A Hand Up
Throughout Veterans Remembrance Month, the ENF is featuring our Hand Up series. Each Friday, we will post an article focusing on the issues facing today's returning servicemen and women, as well as examples and resources for Lodges looking to do more to serve them. Here is this week's installment.

This series was inspired by the 2012 National Conference on Volunteering and Service. This section references a speech given by veteran and Purple Heart recipient Bryan Anderson at that conference.

To view the introduction to the series, click here.
To view the first installment, click here.
To view the second installment, click here.
To view the third installment, click here.
To view the fourth installment, click here.

As Veterans Remembrance month draws to a close, some will forget about the struggles that veterans face and let these issues fade from mind. The issues won’t fade though, and veterans will continue to need the support of their local community. And, the Elks won’t forget that.

“Homelessness continues to be a problem,” says Bob Hennings, Director of the Elks National Veterans Service Commission. “For younger veterans and even those from the Vietnam era, adjusting to society can be difficult. PTSD affects a large number of veterans, causing depression and anxiety. For all veterans, obtaining proper care is essential. One aspect of proper care is transportation; another includes easing loneliness and another is access to healthcare.”

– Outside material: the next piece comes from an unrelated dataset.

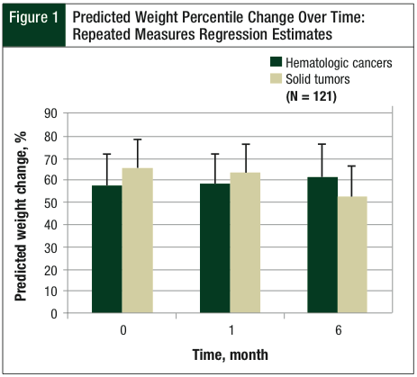 Results: A total of 42 children were diagnosed with cancer during the study between January 1, 2010, and June 30, 2010, resulting in 121 weight measurements. Patients diagnosed with solid tumors lost 13.2 weight percentiles over the study period whereas those with hematologic malignancies had an increase of 3.0 weight percentiles (P = .013). A significant (P = .041) gender difference was found, with female patients exhibiting a greater drop in weight percentiles (20.3) compared with males (0.51), and no other differences were observed.

These issues are solvable, if we work together to solve them. Elks pledge to never forget our nation’s veterans. We should always keep in mind that veterans simply need a hand up, and Elks can offer that hand.

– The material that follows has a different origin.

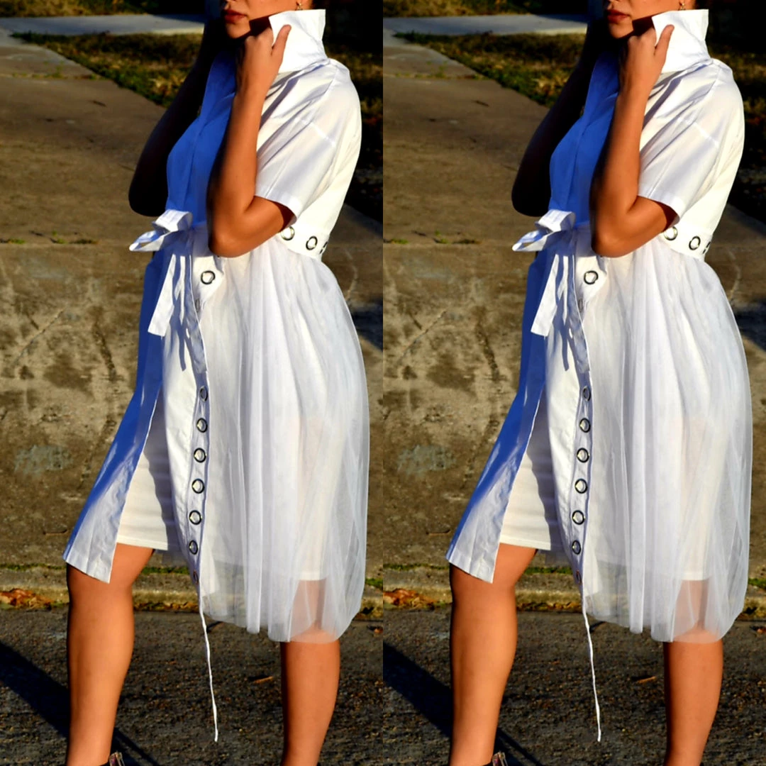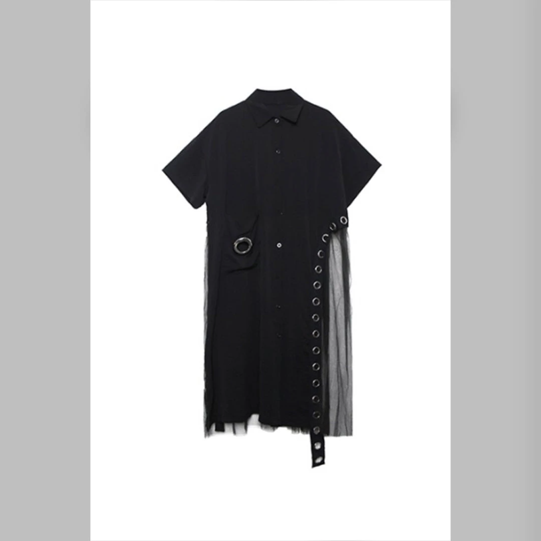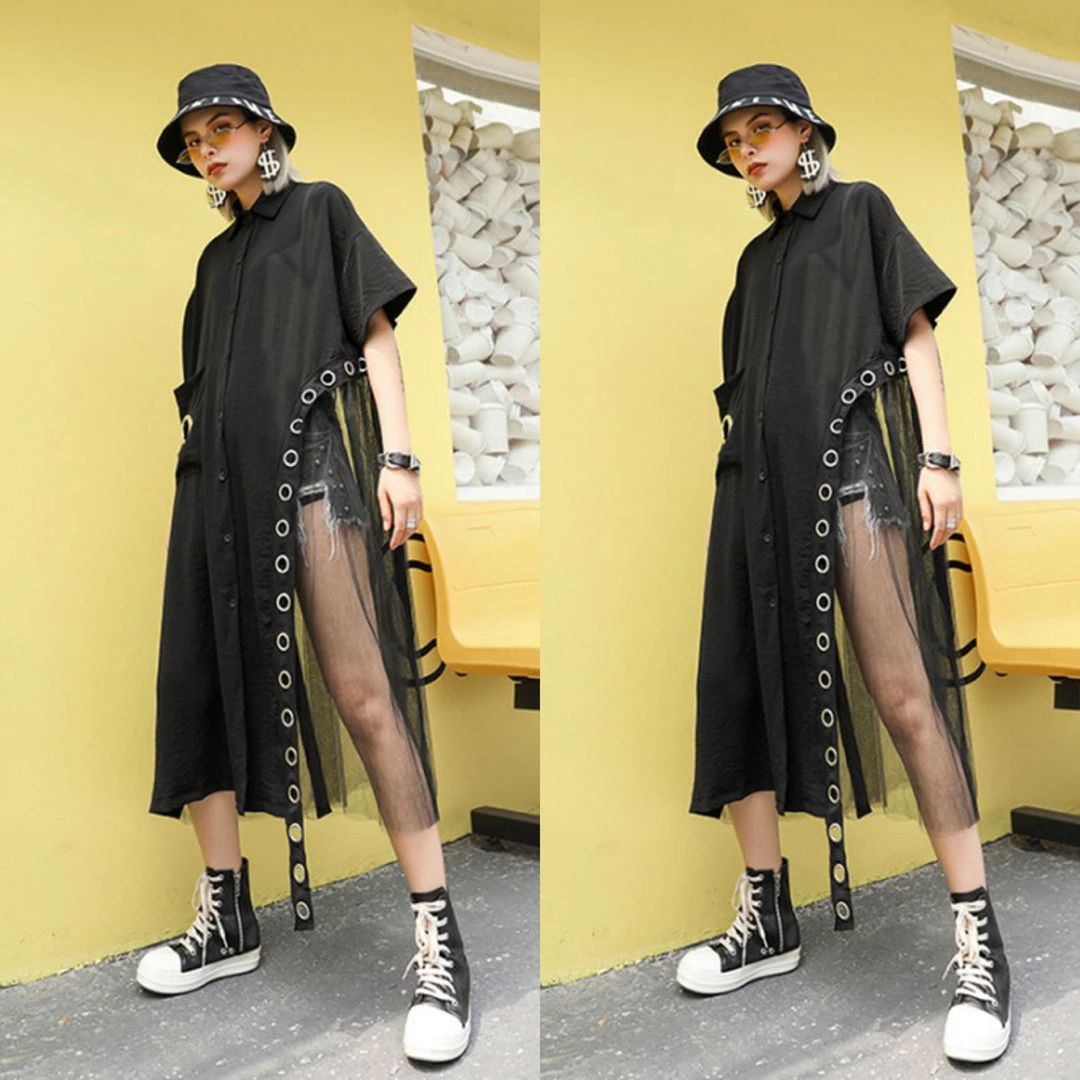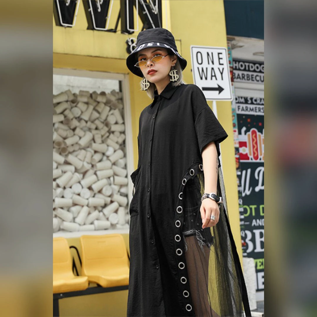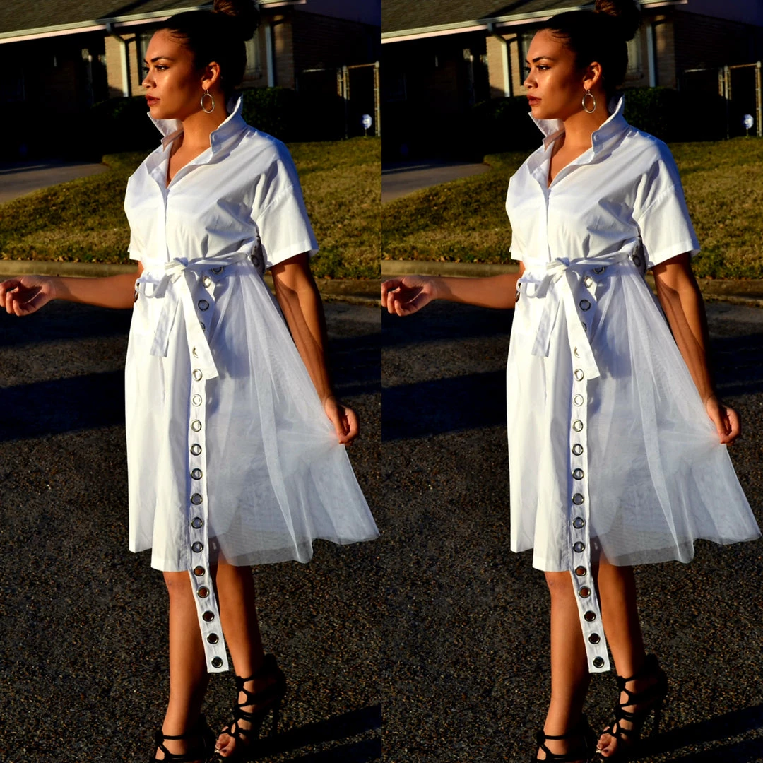 White top is shown with the shite straps tied around the waist as a belt. White is also shown with a white tube top dress worn underneath. Top is sheer see through tulle on the bottom. Need to dress up but you don’t want to fade into the crowd or be over dressed either? Then wearing this black button down style top will surely make you stand out and be seen while still being comfortable and chic. While everyone is checking you out, you’ll be cool, comfy and confident because this top brings out your true effortless beauty. Top is a soft cotton fabric perfect for those spring/summer days. Wear with heels or sandals and you will be good to go. Top is very generous in sizing and is designed to fit loose and full. Silver grommet details makes the look super edgy. Back of the top is sheer and front pocket detail. Ships from Houston, Texas by Social Butterfly Collection.

Hennings offer some guidance for those looking to take action. Before action, however, comes planning.
“First and foremost, find out the needs of veterans or active military in the community. If there is a VA hospital, State Veterans Nursing Home, military hospital, or base in the area, Lodges can contact these facilities. The National Guards of each state have family assistance centers, and local government websites often describe the needs of veterans in the community. All VA hospitals sponsor events for homeless and at-risk veterans call Stand Downs, which provide counseling for benefits, jobs, housing, necessities, food and clothing. Volunteers are always welcome.”

Partnerships


To address these problems and conquer these issues, partnerships can be key. When planning a project, be aware of what other people are doing. There are many organizations that serve veterans and military, so when you begin a project you rarely have to start from scratch. Additionally, the more you know, the more you can be a resource for those who are looking for help. Staying informed also ensures that services aren’t duplicated. With different issues facing veterans, it’s important that groups work together to solve them.

Spread the Word


It is also important to spread the word about projects that serve veterans. Inform local government, and ask local businesses and organizations for donations, supplies or volunteer support. Contact the local newspaper and local radio stations as well.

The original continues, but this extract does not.